• Exercise description
With images excluded, write out each entry below exactly as given.

[[ Extracted records, beginning ]]

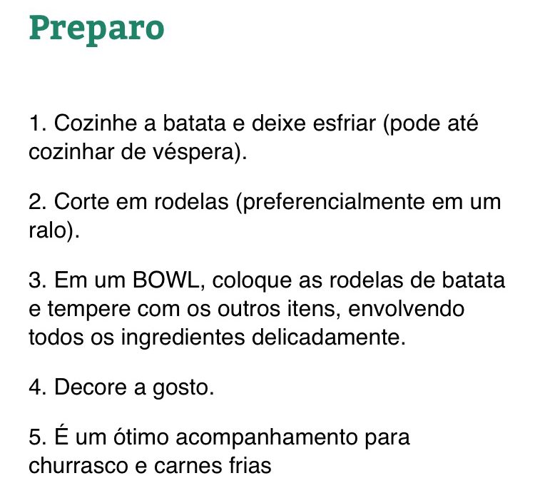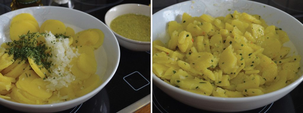 A salada de batatas ficou ótima. Ela é tradicionalmente feita SEM MAIONESE e eu obedeci à risca. Pode fazer! Ficou igualzinha às de lá. ( Dica: usar batata asterix – aquela da casca rosada )
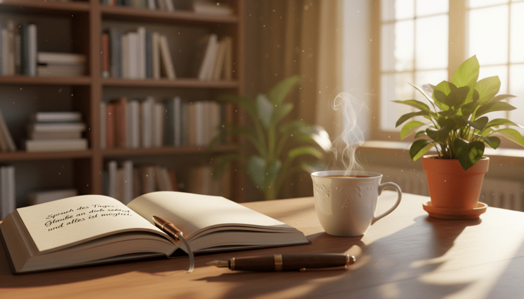Du kannst dir tägliche Erinnerungen auf deinem Smartphone einstellen, deine Lieblingssprüche als Hintergrundbild verwenden oder sie an Orten platzieren, an denen du sie oft siehst, wie z.B. am Spiegel oder an deinem Schreibtisch. Das Führen eines Motivationsjournals, in dem du tägliche Sprüche notierst und reflektierst, kann ebenfalls sehr hilfreich sein.
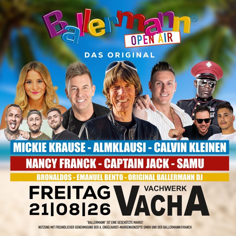 „Ballermann Open Air – Das Original“ steht für ausgelassene Stimmung, echte Stars und ein Event, das Erinnerungen schafft – von der ersten Konfettikanone bis zum letzten Beat. Ob eingefleischter Malle-Fan oder Feierbiest auf Heimaturlaub – hier trifft sich die Party-Community der Region. Und eines ist sicher: Diese Nacht wird legendär.
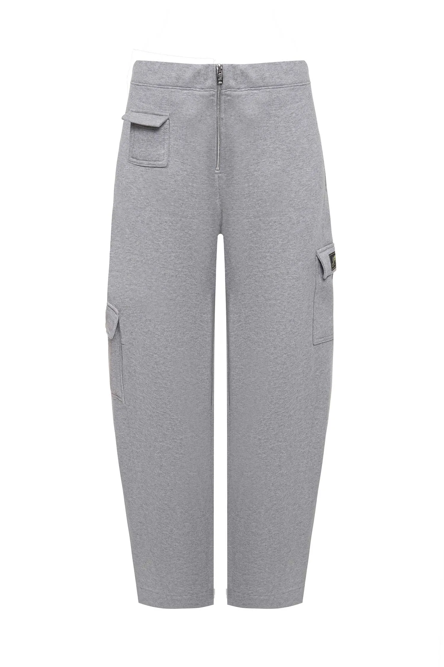 ШТАНЫ СЕРЫЕ МЕЛАНЖ, СВОБОДНЫЕ, СБОКУ КАРМАНЫ С КЛАПАНОМ, НАШИВКА-ЛОГО
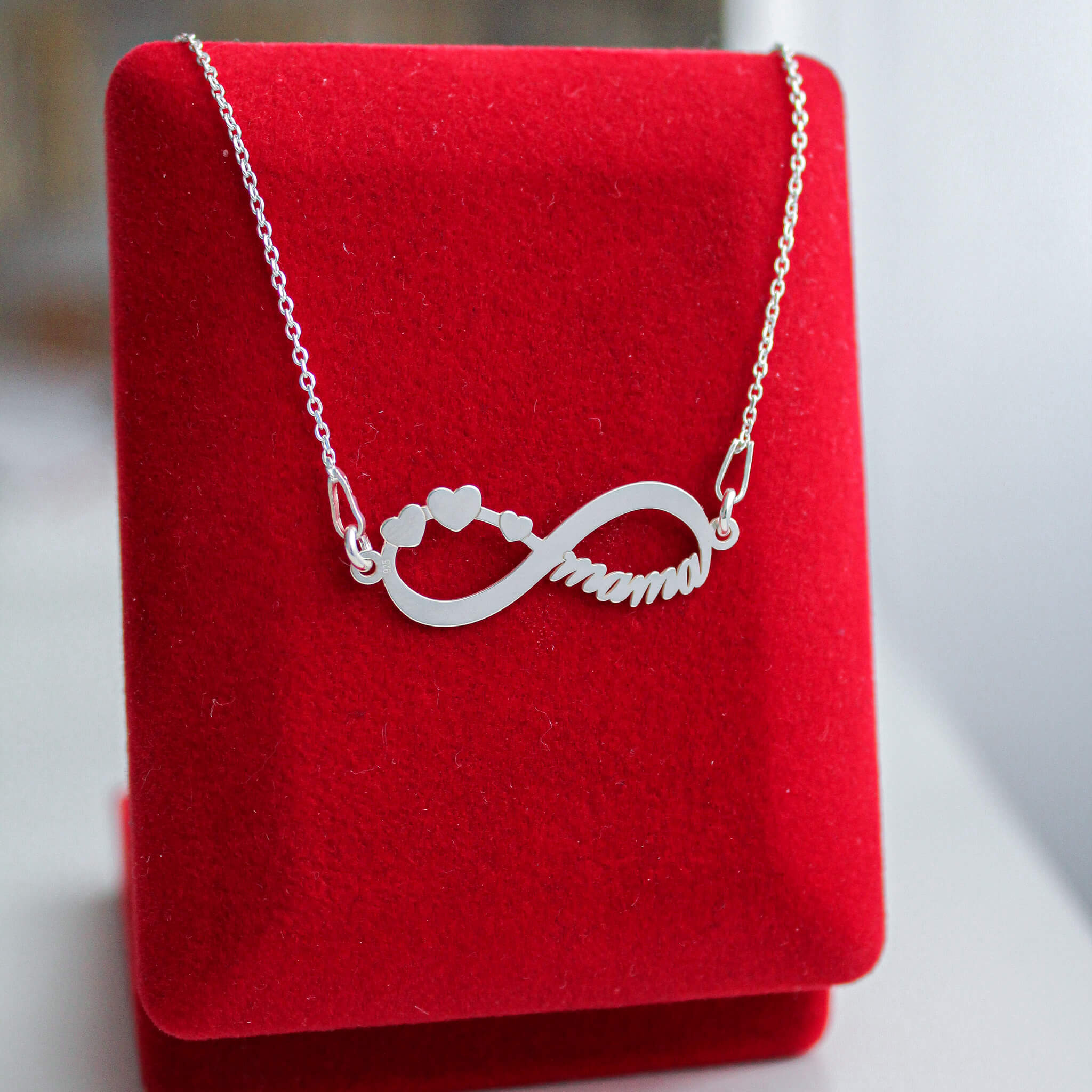 Naszyjnik MAMA z symbolem Nieskończoności to piękny podarunek dla każdej Mamy - tej, która jest nią od niedawna i tej z bagażem doświadczeń.
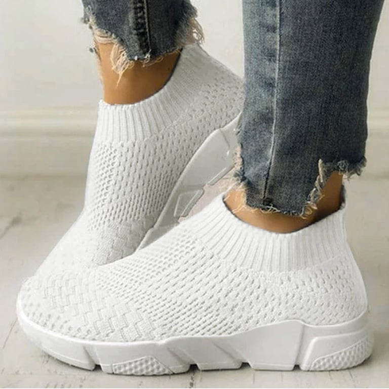 Women's stylish platform sock shoes. Rubber sole with ribbing. Elastic. Available in multiple colour options.
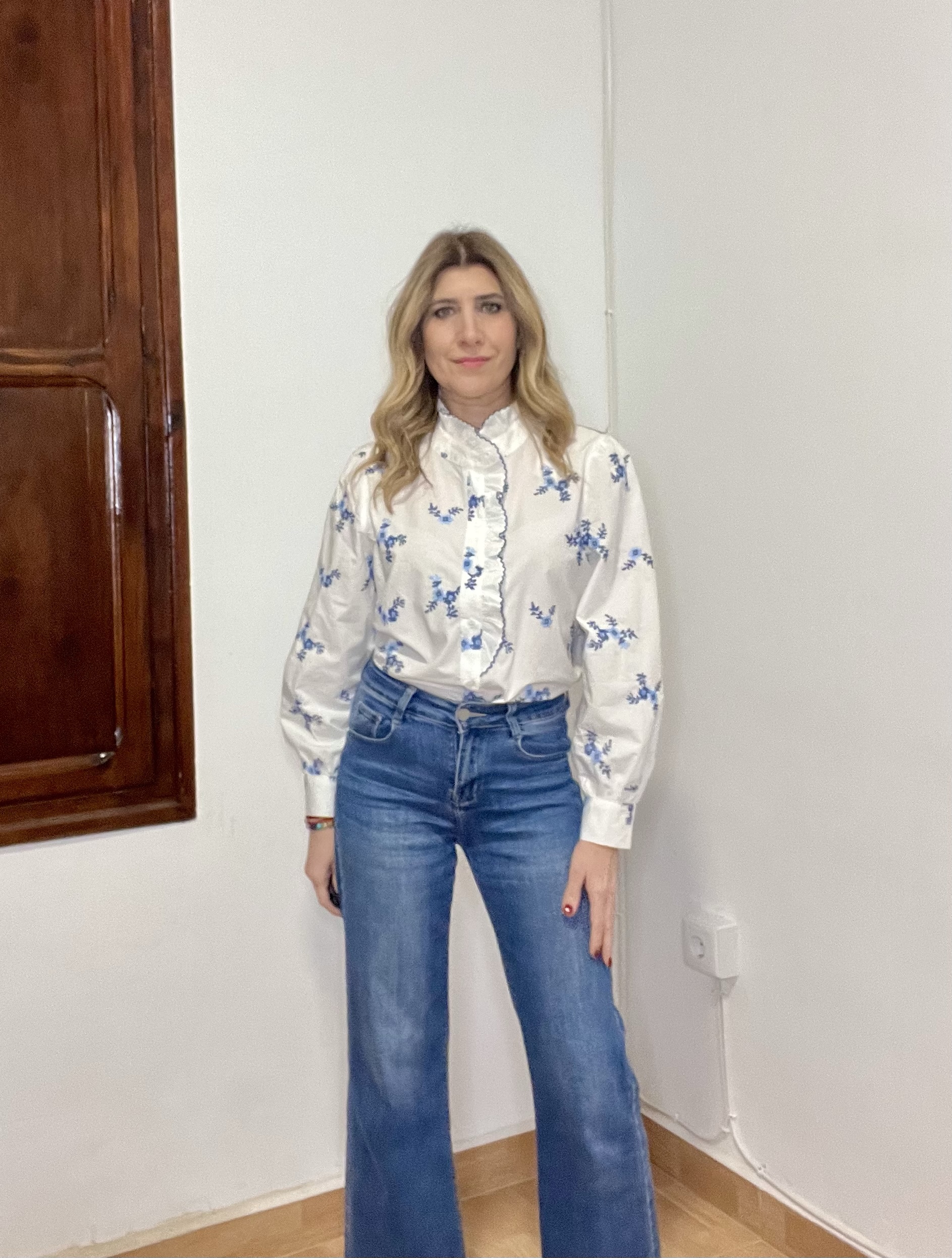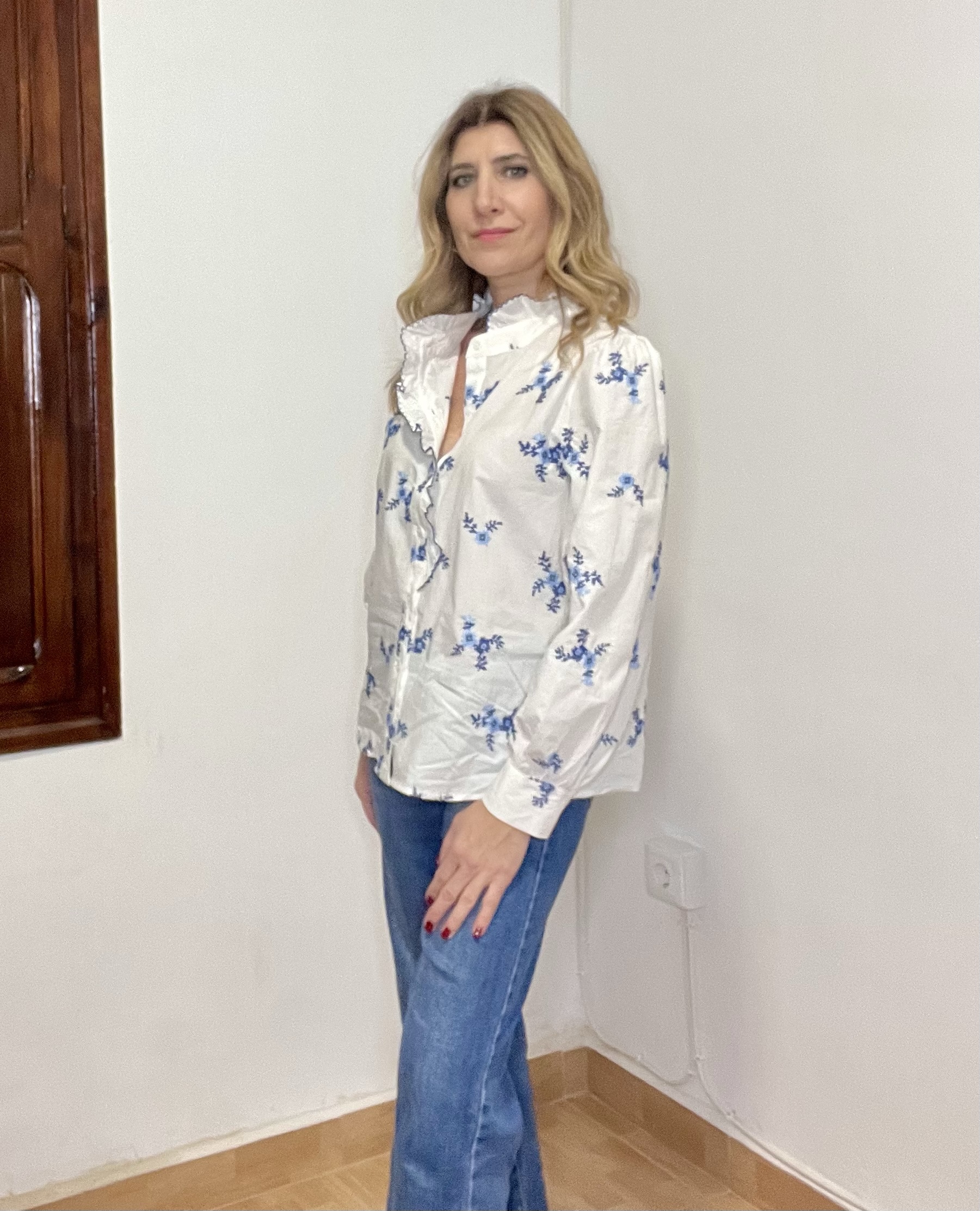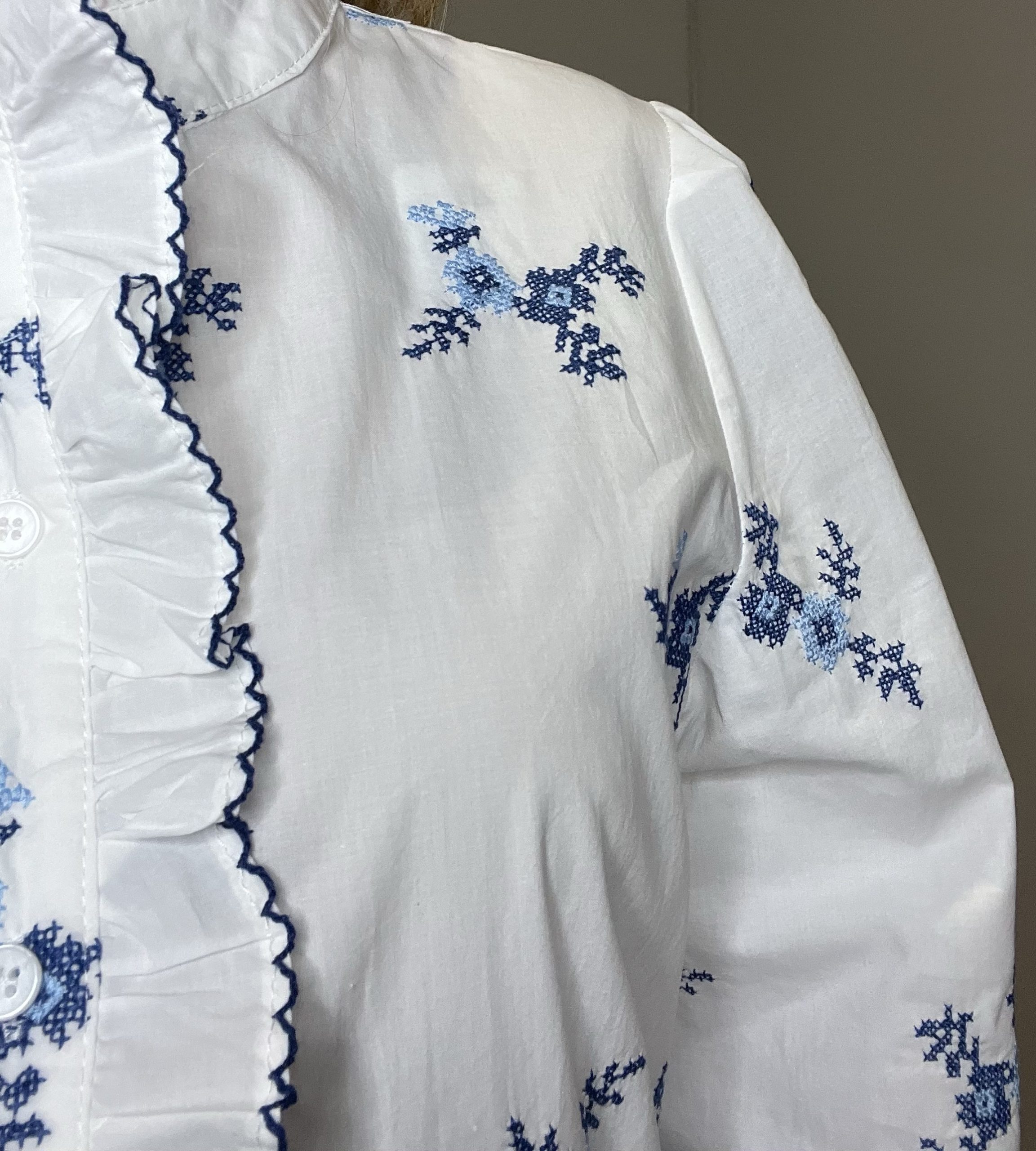 Camisa Diana, en color blanco con bordados en tonos azules. Cuello subido. Botones delanteros y la manga acaba en puño con botón.

[[ Extracted records, end ]]

• Answer section
 A salada de batatas ficou ótima. Ela é tradicionalmente feita SEM MAIONESE e eu obedeci à risca. Pode fazer! Ficou igualzinha às de lá. ( Dica: usar batata asterix – aquela da casca rosada )
Du kannst dir tägliche Erinnerungen auf deinem Smartphone einstellen, deine Lieblingssprüche als Hintergrundbild verwenden oder sie an Orten platzieren, an denen du sie oft siehst, wie z.B. am Spiegel oder an deinem Schreibtisch. Das Führen eines Motivationsjournals, in dem du tägliche Sprüche notierst und reflektierst, kann ebenfalls sehr hilfreich sein.
 „Ballermann Open Air – Das Original“ steht für ausgelassene Stimmung, echte Stars und ein Event, das Erinnerungen schafft – von der ersten Konfettikanone bis zum letzten Beat. Ob eingefleischter Malle-Fan oder Feierbiest auf Heimaturlaub – hier trifft sich die Party-Community der Region. Und eines ist sicher: Diese Nacht wird legendär.
 ШТАНЫ СЕРЫЕ МЕЛАНЖ, СВОБОДНЫЕ, СБОКУ КАРМАНЫ С КЛАПАНОМ, НАШИВКА-ЛОГО
 Naszyjnik MAMA z symbolem Nieskończoności to piękny podarunek dla każdej Mamy - tej, która jest nią od niedawna i tej z bagażem doświadczeń.
 Women's stylish platform sock shoes. Rubber sole with ribbing. Elastic. Available in multiple colour options.
 Camisa Diana, en color blanco con bordados en tonos azules. Cuello subido. Botones delanteros y la manga acaba en puño con botón.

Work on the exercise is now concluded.